__Dataset content__
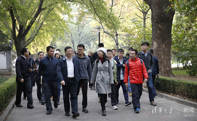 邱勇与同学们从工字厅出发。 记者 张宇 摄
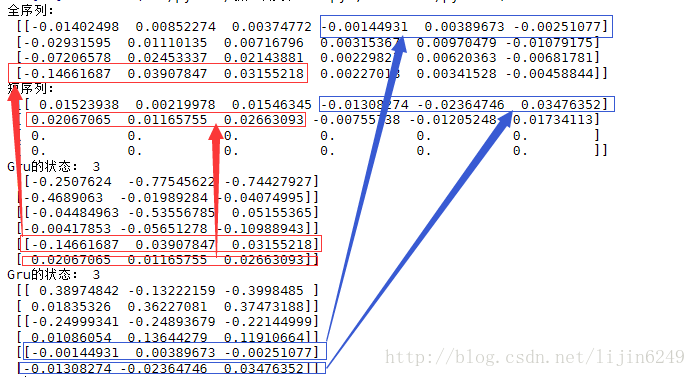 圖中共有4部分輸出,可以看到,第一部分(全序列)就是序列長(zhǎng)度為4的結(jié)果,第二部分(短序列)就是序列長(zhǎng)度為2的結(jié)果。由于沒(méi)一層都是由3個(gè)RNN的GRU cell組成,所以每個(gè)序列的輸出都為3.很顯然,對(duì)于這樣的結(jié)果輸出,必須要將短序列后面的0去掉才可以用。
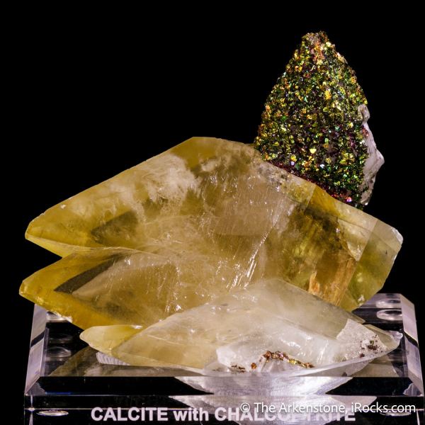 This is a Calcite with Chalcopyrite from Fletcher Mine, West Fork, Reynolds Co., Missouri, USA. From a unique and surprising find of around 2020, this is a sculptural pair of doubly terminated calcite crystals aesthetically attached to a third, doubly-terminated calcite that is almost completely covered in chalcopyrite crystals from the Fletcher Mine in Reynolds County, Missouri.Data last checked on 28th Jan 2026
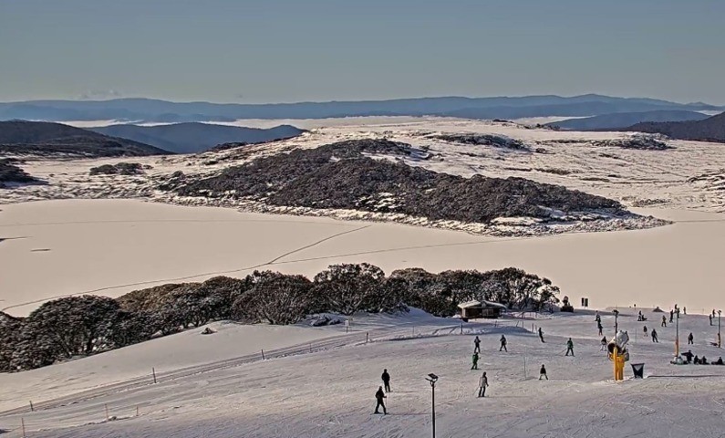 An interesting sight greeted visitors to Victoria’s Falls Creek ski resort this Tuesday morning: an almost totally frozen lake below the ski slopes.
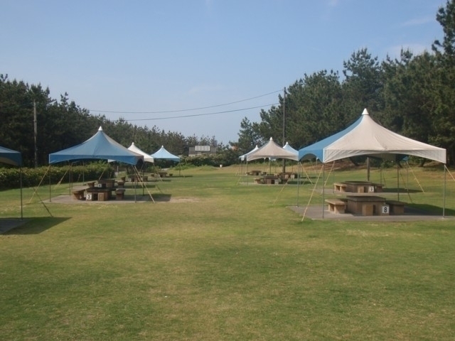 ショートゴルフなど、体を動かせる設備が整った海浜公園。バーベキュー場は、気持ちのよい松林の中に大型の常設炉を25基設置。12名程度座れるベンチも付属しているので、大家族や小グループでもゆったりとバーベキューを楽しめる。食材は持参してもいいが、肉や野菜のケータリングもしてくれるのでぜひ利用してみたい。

---

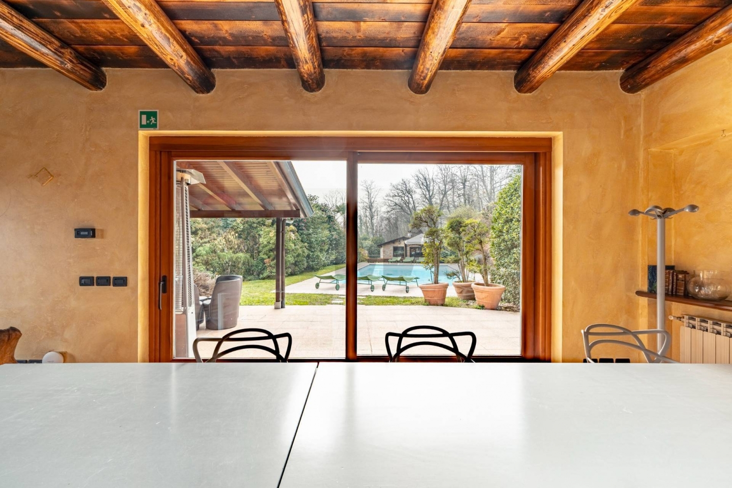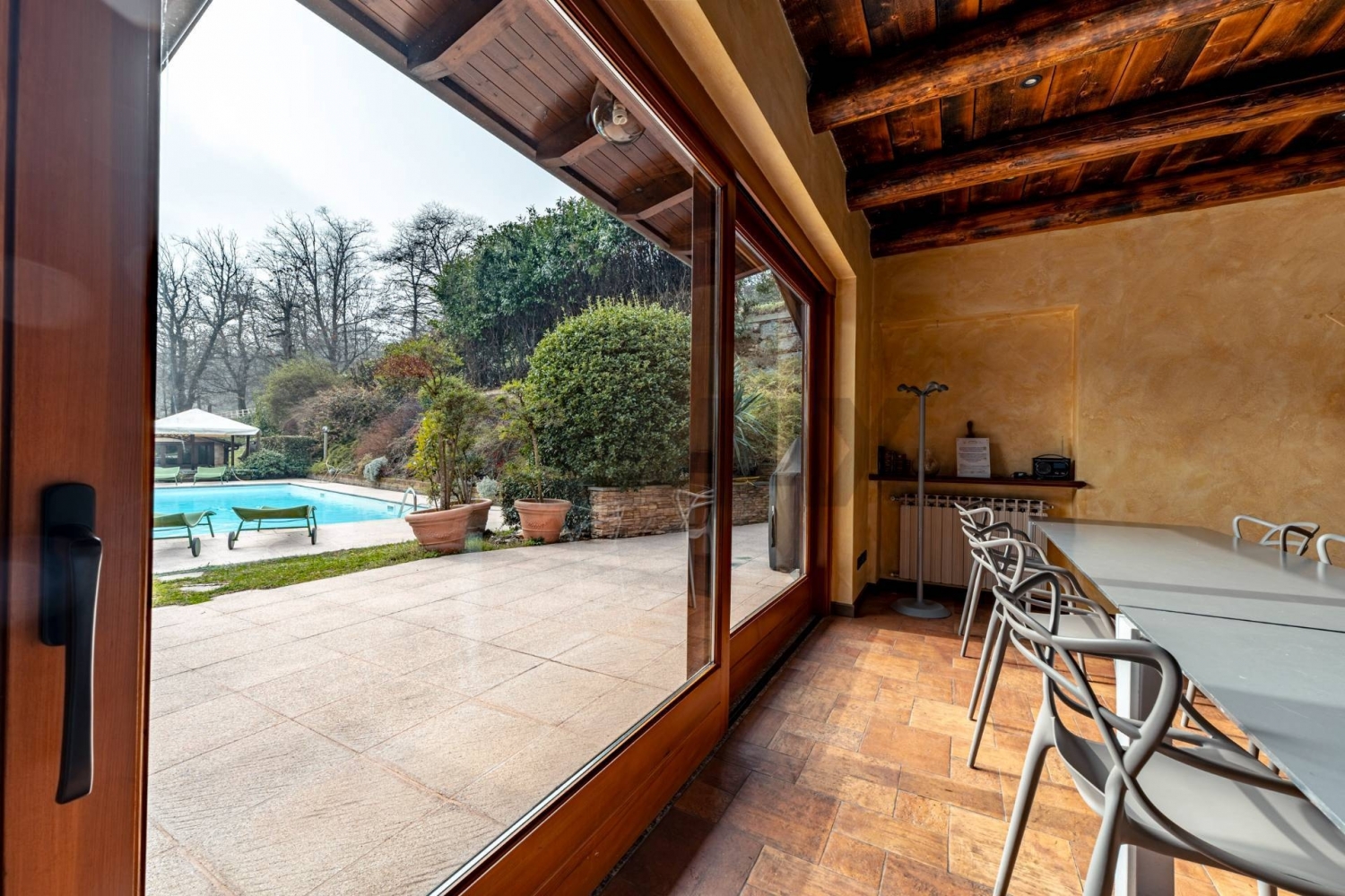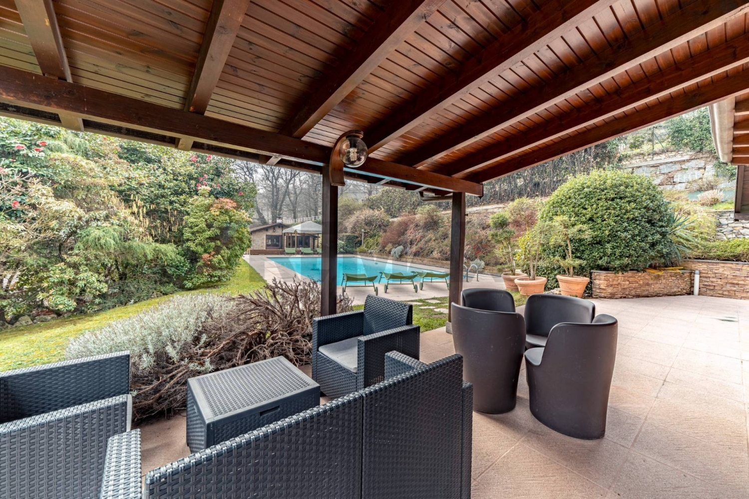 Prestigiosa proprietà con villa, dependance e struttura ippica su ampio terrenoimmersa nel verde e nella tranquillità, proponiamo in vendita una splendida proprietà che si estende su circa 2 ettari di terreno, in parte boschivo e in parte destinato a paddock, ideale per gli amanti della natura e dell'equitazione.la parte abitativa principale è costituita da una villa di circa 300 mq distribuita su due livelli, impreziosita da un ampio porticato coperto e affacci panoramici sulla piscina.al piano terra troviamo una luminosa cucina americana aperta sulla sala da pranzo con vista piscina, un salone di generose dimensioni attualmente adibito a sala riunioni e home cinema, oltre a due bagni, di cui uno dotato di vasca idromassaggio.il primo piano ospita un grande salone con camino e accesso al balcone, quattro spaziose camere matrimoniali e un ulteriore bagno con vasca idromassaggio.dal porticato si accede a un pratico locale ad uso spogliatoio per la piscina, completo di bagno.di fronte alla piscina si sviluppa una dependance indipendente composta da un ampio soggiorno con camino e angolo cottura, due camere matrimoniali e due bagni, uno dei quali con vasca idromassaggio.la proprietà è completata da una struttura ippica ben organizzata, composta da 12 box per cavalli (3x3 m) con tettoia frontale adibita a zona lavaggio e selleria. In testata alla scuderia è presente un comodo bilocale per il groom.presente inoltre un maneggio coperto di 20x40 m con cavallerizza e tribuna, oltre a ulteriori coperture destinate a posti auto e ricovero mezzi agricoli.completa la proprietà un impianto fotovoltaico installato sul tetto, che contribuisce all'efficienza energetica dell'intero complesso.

* * *

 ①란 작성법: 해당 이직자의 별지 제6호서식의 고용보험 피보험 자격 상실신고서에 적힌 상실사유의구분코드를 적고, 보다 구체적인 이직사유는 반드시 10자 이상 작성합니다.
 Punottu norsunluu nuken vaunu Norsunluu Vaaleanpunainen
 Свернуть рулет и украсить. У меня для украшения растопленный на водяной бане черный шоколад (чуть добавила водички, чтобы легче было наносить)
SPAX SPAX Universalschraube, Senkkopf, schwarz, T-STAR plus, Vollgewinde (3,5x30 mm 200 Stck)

__Exercise aim__
Reproduce exactly, and with no other material, the lines between those holding "Punottu norsunluu nuken" and "SPAX SPAX Universalschraube, Senkkopf, schwarz, T-STAR", inclusive.

__Response to the task__
 Punottu norsunluu nuken vaunu Norsunluu Vaaleanpunainen
 Свернуть рулет и украсить. У меня для украшения растопленный на водяной бане черный шоколад (чуть добавила водички, чтобы легче было наносить)
SPAX SPAX Universalschraube, Senkkopf, schwarz, T-STAR plus, Vollgewinde (3,5x30 mm 200 Stck)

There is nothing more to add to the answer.